There’s a clear appeal in data teams at companies known to be veterans in data science, like Facebook and LinkedIn. At these organizations, an employee has the opportunity to learn from some of the best-known leaders in the field. But there’s also a definite draw to smaller, newer data science teams that are building foundations for a company’s future. You might find these teams at early stage startups, but you’re just as likely to find them at Fortune 500 companies that are starting new, innovative initiatives. “These roles offer candidates the opportunity to have this massive outsize impact on their company,” says Klamka.
Small teams also mean fast growth. If you get hired onto one, you can quickly become the go-to data expert at your company, opening up pathways for rapid growth in your career. “What’s been exciting to watch is how quickly Insight alumni get into leadership roles,” says Klamka. “It’s very common to see Insight alums spent just two years as an individual contributor and then become a manager.” Insight alums now lead teams at top data teams such as Facebook, LinkedIn, Square, Intuit, Microsoft, Airbnb, Netflix and numerous others.
Tapping into the Talent Network
What’s great about the expansion of data science is that it’s drawing a lot of talented, enthusiastic people who might not have applied their skills to the area before. But attracting the best candidates is a very competitive process, and you need to send the right people to the right places when you are recruiting.
One of the most important parts of data science recruiting is to make sure that the managers of your data science team speak to potential hires in person. One reason this is so important is that most job descriptions are written in broad terms, so as to attract a wide net of applicants and not accidentally screen out someone who might be great. (“There’s a lot of ‘and, and, and,’ in job descriptions,” as Klamka puts it.) That means you need someone who really understands what your company needs in a data scientist to be part of the recruiting process, so they can explain to potential hires where they fit in.
“We found the best messaging comes from the hiring managers,” says Klamka. “Our program is actually based very heavily on having the heads of data teams as well as their colleagues come in and speak directly to the fellows.”

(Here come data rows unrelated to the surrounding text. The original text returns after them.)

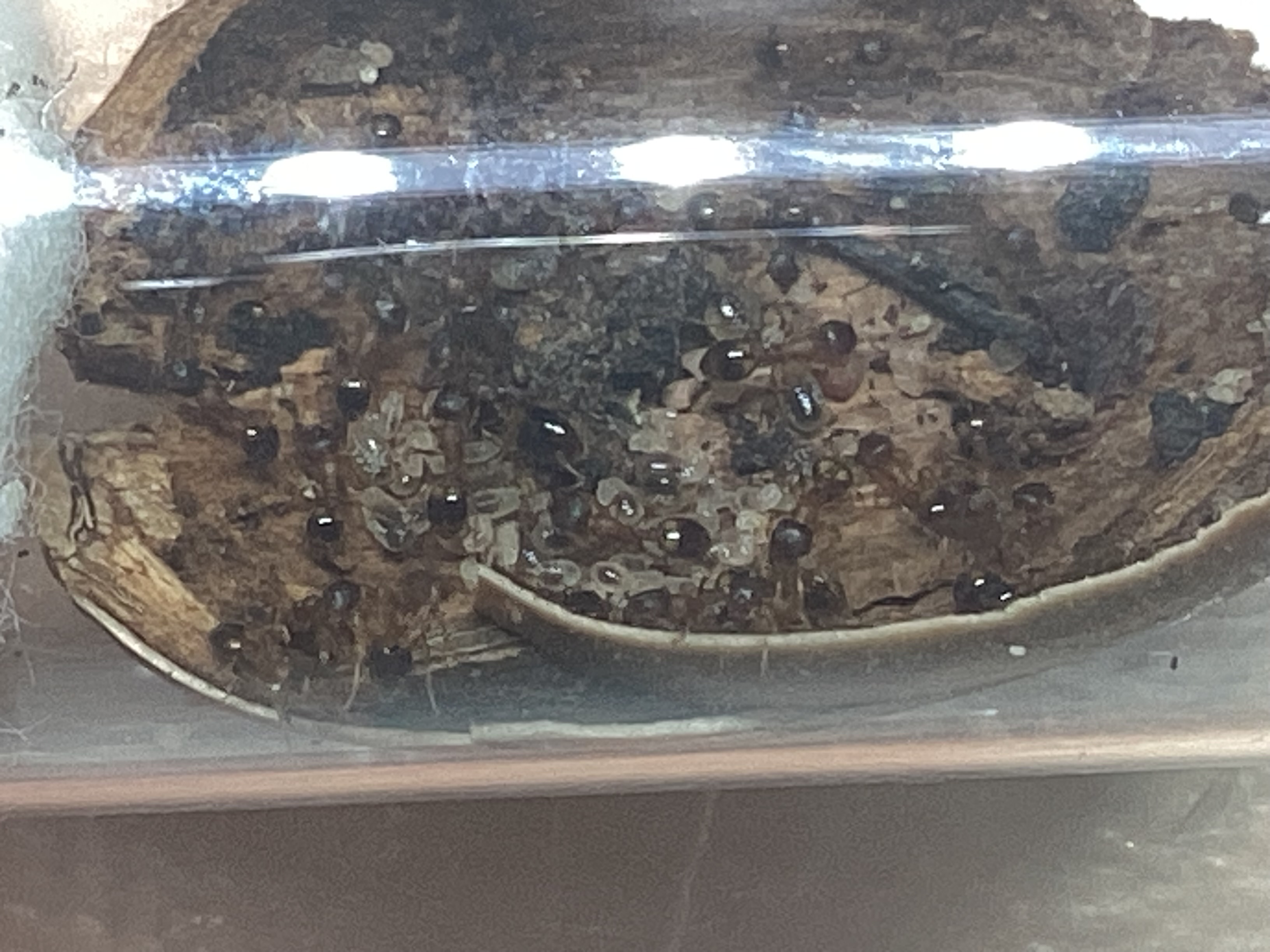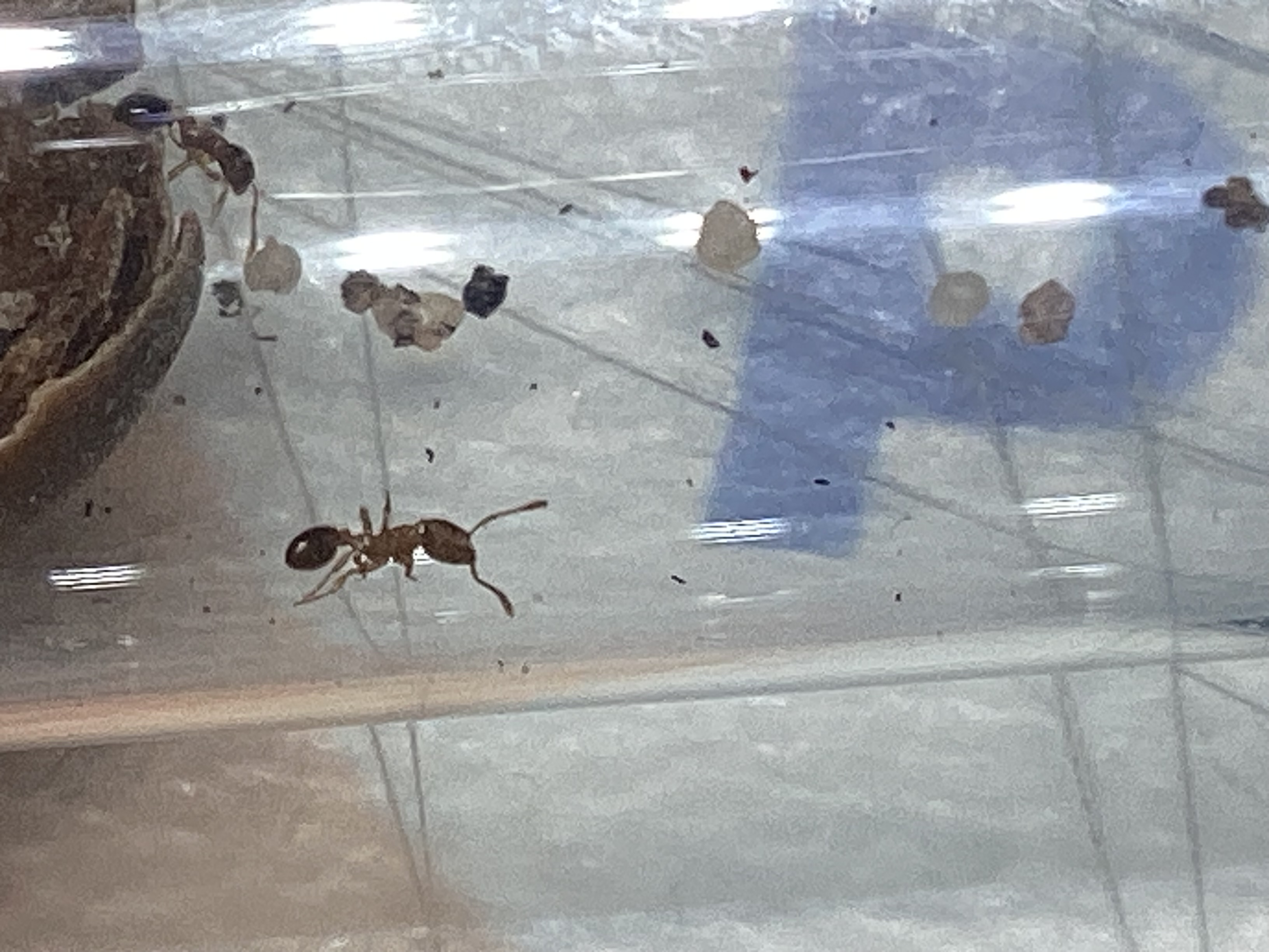 Da aber klar eineKönigin und gut Brut in Form von Larven vorhanden sind, müsste es der Kolonie gut gehen wenn du sie ab und zu mit Kohlenhydraten und Proteinen fütterst. Je nachdem, wo du deine Ameisen gefunden hast, würde ich auch die Haltungsbedingungen anpassen. Beispiel: Wenn sie in einer feuchten Ecke einer Hecke waren, würde ich noch etwas Moos zum halten der Feuchtigkeit in ihr Becken tuen. Sie wählen ja den Ort der ihnen am meisten passt, deswegen sollte es ihnen auch passen wenn du diesen Ort rekonstruierst.
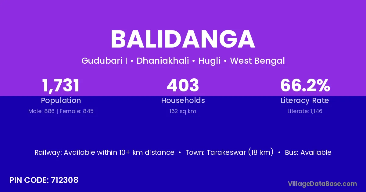 Memari (10 km) is the nearest town to Balidanga village for major economic activities and is located approximately 10 km away.
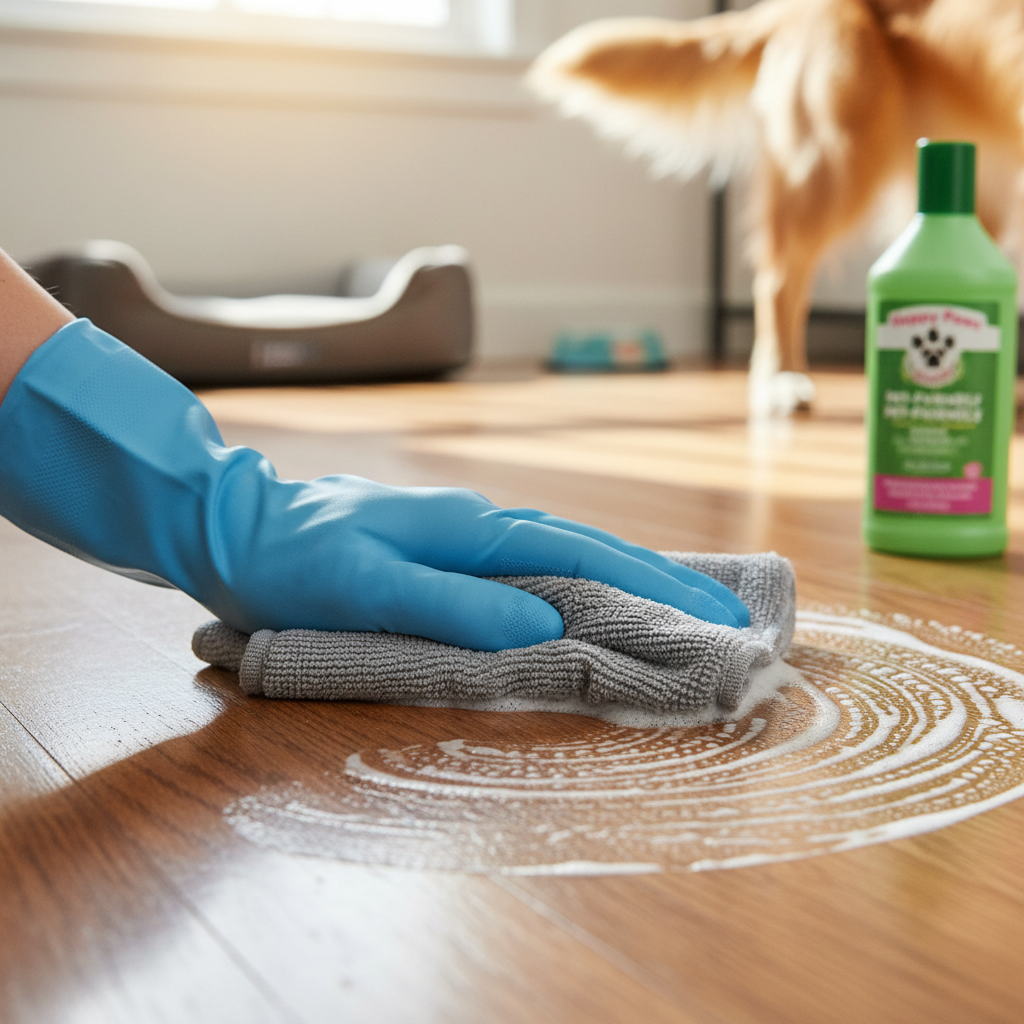 - Clean Floors Regularly Mop hard floors (tile, hardwood, laminate) with a pet-safe cleaner. A solution of equal parts white vinegar and water can be very effective for neutralizing odors, but always test in an inconspicuous area first for delicate surfaces.
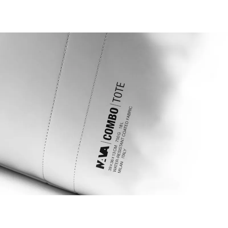 Tote bag della collezione Combo di Nava Design, adatta a chi ama gli outfit urban e lifestyle. Il design essenziale è interrotto solamente dal cartiglio realizzato in serigrafia con le specifiche tecniche della borsa. Realizzata in materiale tecnico liscio e resistente all'acqua con manici in tessuto e accessori metallici . All'interno dotata di un contenitore essenziale molto capiente con una busta chiusa con zip per riporre gli oggetti più preziosi, amovibile e utilizzabile anche da sola.
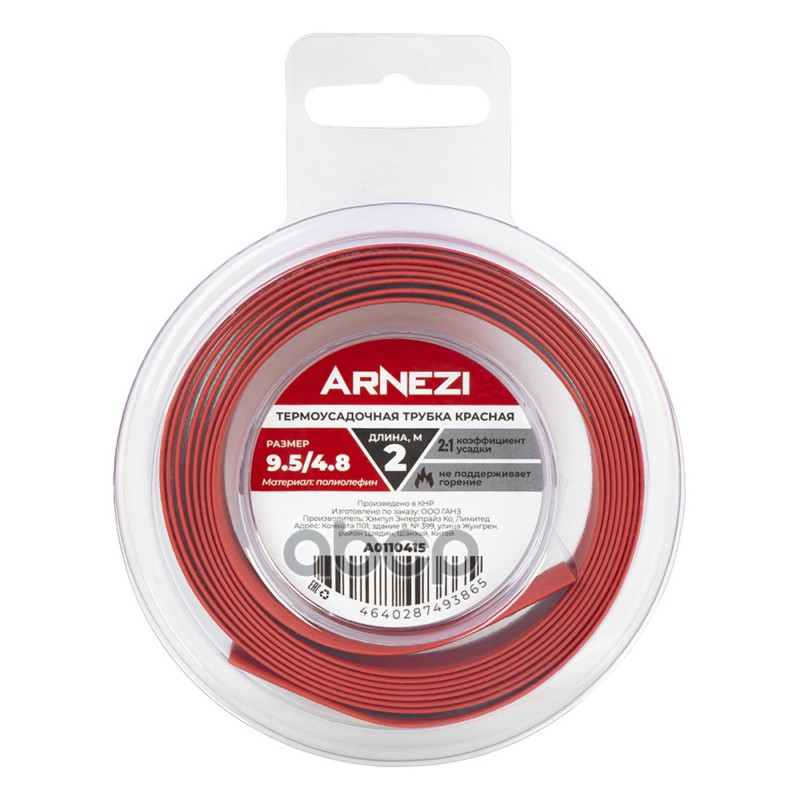 Купить запчасть A0110415 Термоусадочная трубка 2м ТСТ D-9.54.8 красная, , Max Вт ARNEZI A0110415 с доставкой по России.
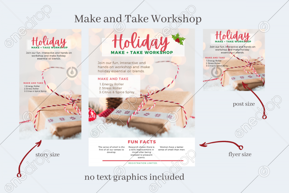 Holiday Make and Take set with a flyer, social post size and story size graphic to promote your workshop.
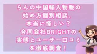 副業らんの中国輸入物販の始め方個別相談、本当に怪しい?合同会社BRIGHTの実態とユーザー口コミを徹底調査! 皆さんこんにちは!河口です! 今日は、中国輸入物販に関する個別相談の副業を調査しました。 こ... 2024.10.24副業
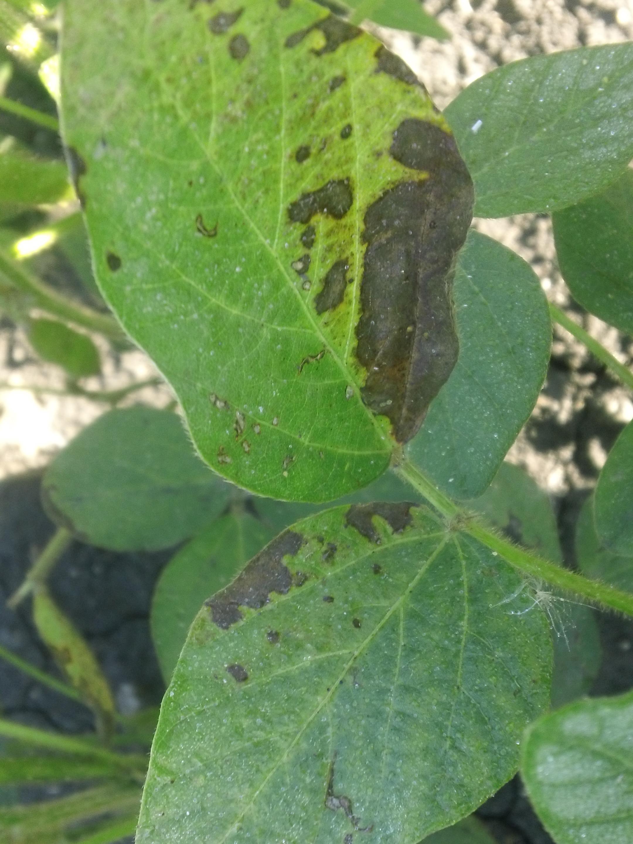 Une feuille de soya montre des brûlures résultant de l’application en prélevée de SENCOR® 75 DF (métribuzine), à 200% de la dose recommandée à l’étiquette. Augmenter la dose d’herbicide appliqué, ici la métribuzine, peut causer des brûlures, un jaunissement ou un rabougrissement de la culture. De fortes pluies survenant peu de temps après le traitement, peuvent endommager la culture, particulièrement dans les zones mal égouttées où l’eau peut rester pendant plusieurs jours.
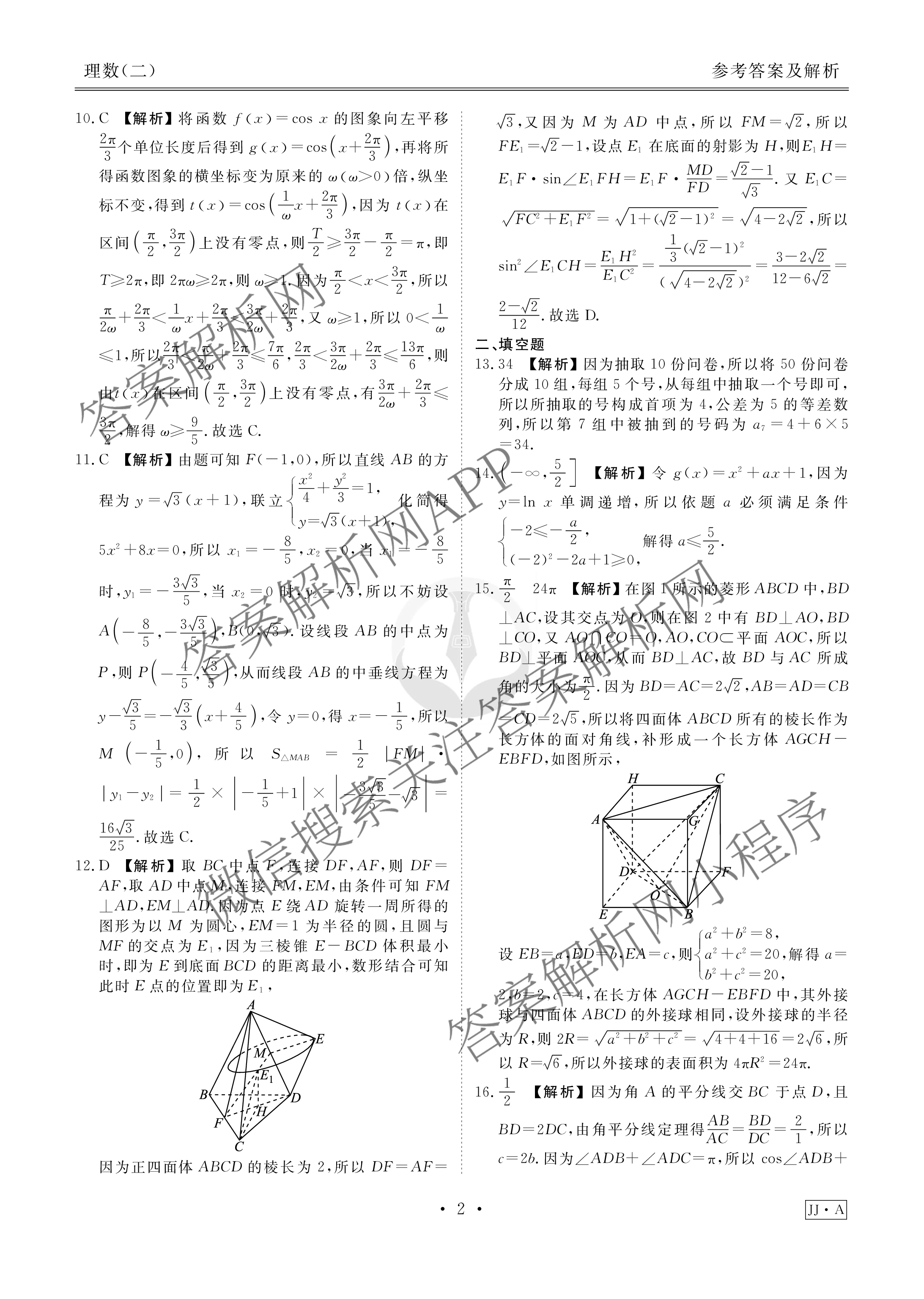 (衡水金卷先享题)调研卷 2024年普通高等学校招生全国统一考试模拟试题(二)2理数(JJA)答案
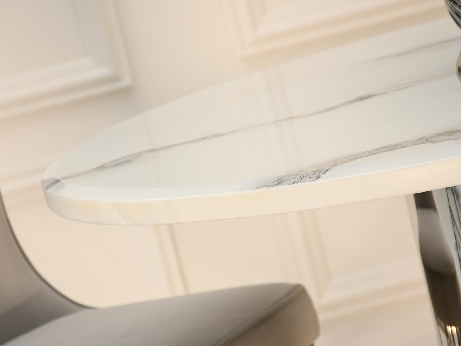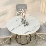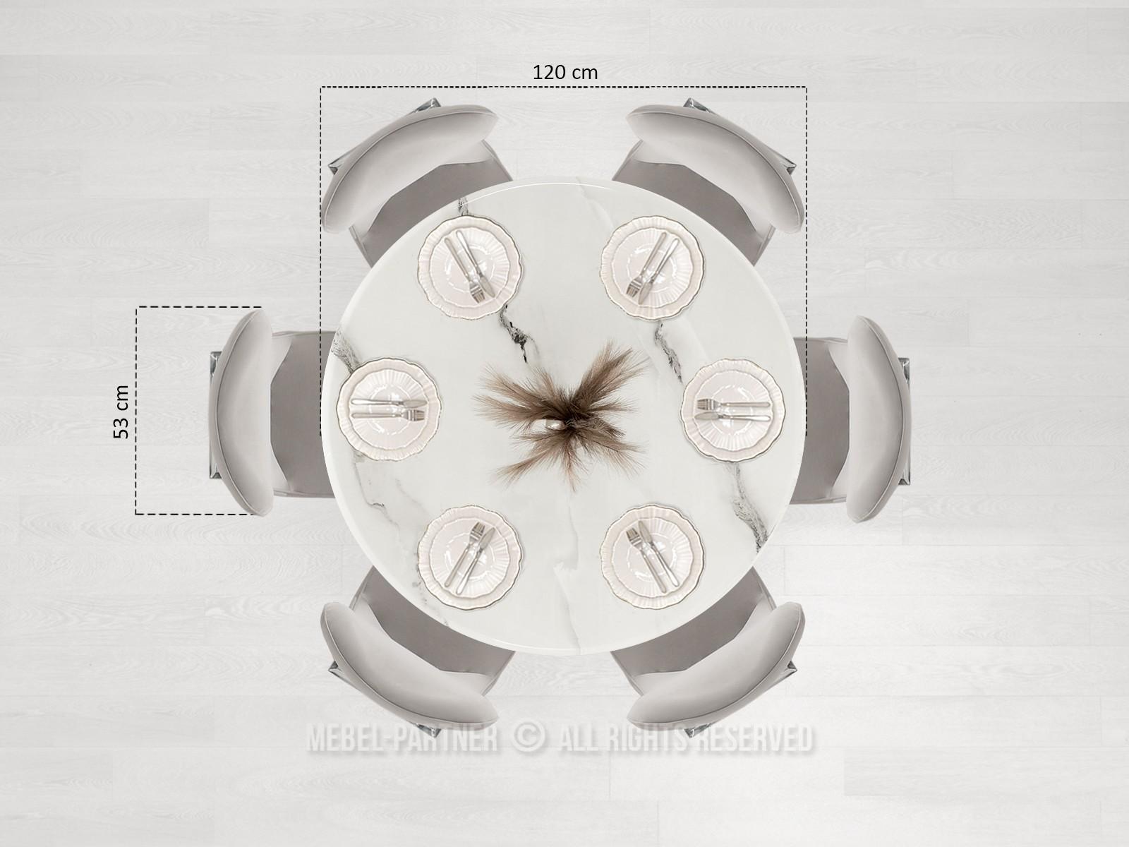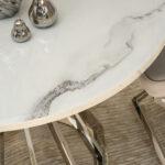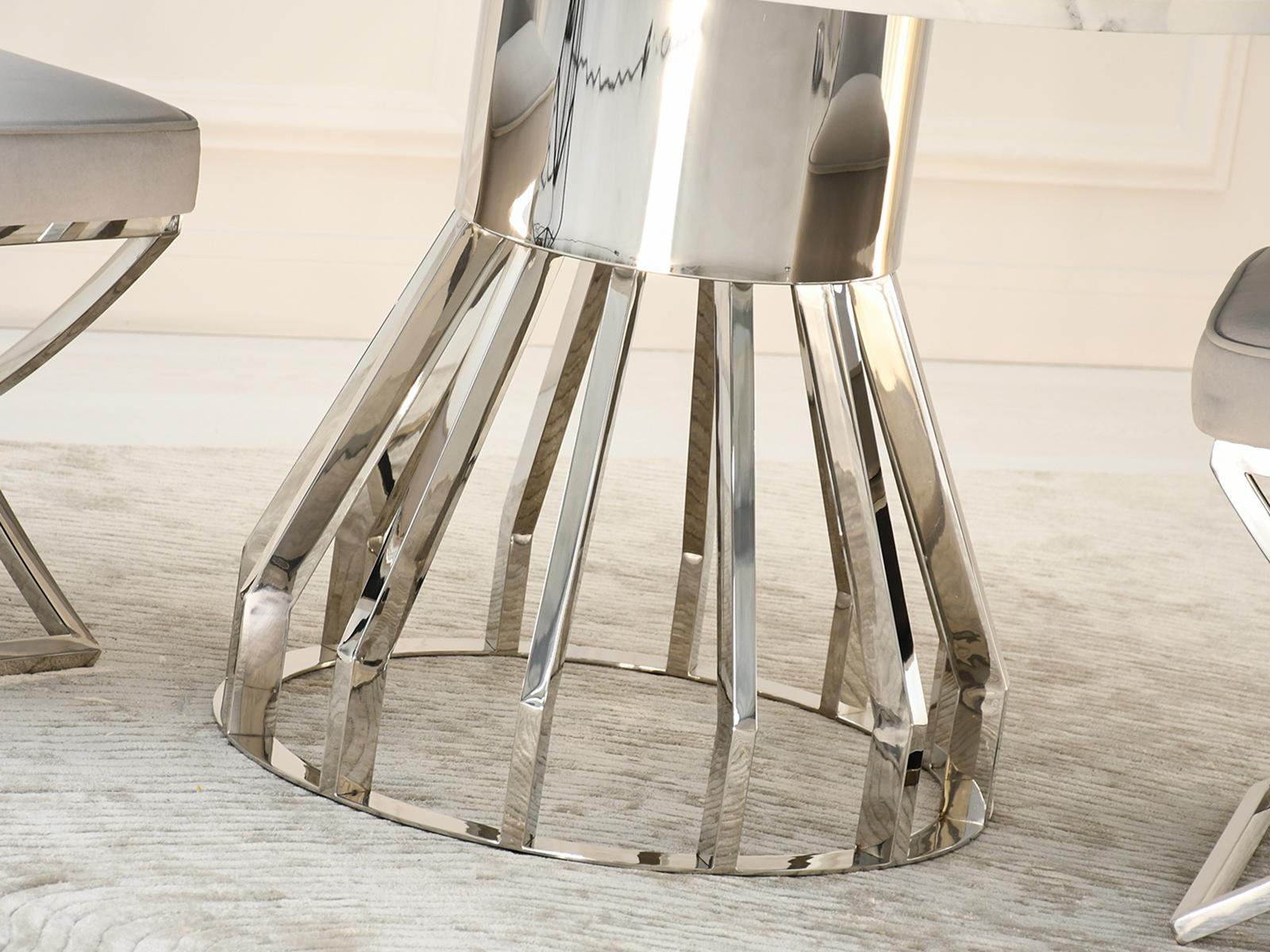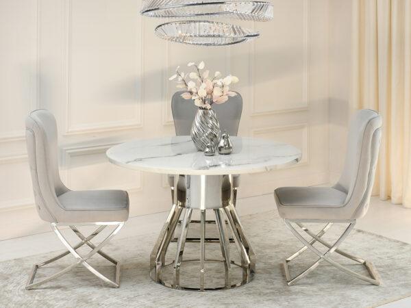 Jedilna miza Tanatos je eleganten kos pohištva, ki bo popoln tako v vaši domači jedilnici kot v sodobni restavraciji. Njena okrogla bela marmorna plošča v kombinaciji z bleščečim kromiranim podnožjem ustvarja razkošen in brezčasen dizajn. V dnevni sobi bo miza postala osrednja točka za druženje ob obrokih ali klepet z najdražjimi.

You should also consider looking at talent within your company that can be developed. Insight trains academics with the raw skills needed for data science. Your company can do something similar with current engineers, or employees with strong backgrounds in relevant subject matter areas. Did you hire a former banker or a policy wonk? Offer them opportunities for professional development.
Whether you’re considering talent within your own ranks, or from the outside, keep an eye out for great candidates who may not immediately jump out to you. The reason competitive hires go into Insight’s programs is that it’s hard to break into a new field, even when you’re clearly qualified.
The growth and success of Insight Data Science and its alumni stands as a powerful example to would-be hiring companies that some of the best candidates for roles may not be obvious. Insight takes in fellows from all kinds of subject matter backgrounds, and helps them become great data scientists. Organizations with a demand for data scientists can act as a bridge that helps potential hires find the best fit for their skills. Hiring managers can attend meetups or seek opportunities to speak to data scientists at universities and in settings like Insight. Keep your eyes and ears peeled for budding data scientists who are looking to make an impact towards a goal.
“By speaking to how the work they'll do will have an important impact, hiring managers will attract the best, most well-aligned data talent,” Klamka says.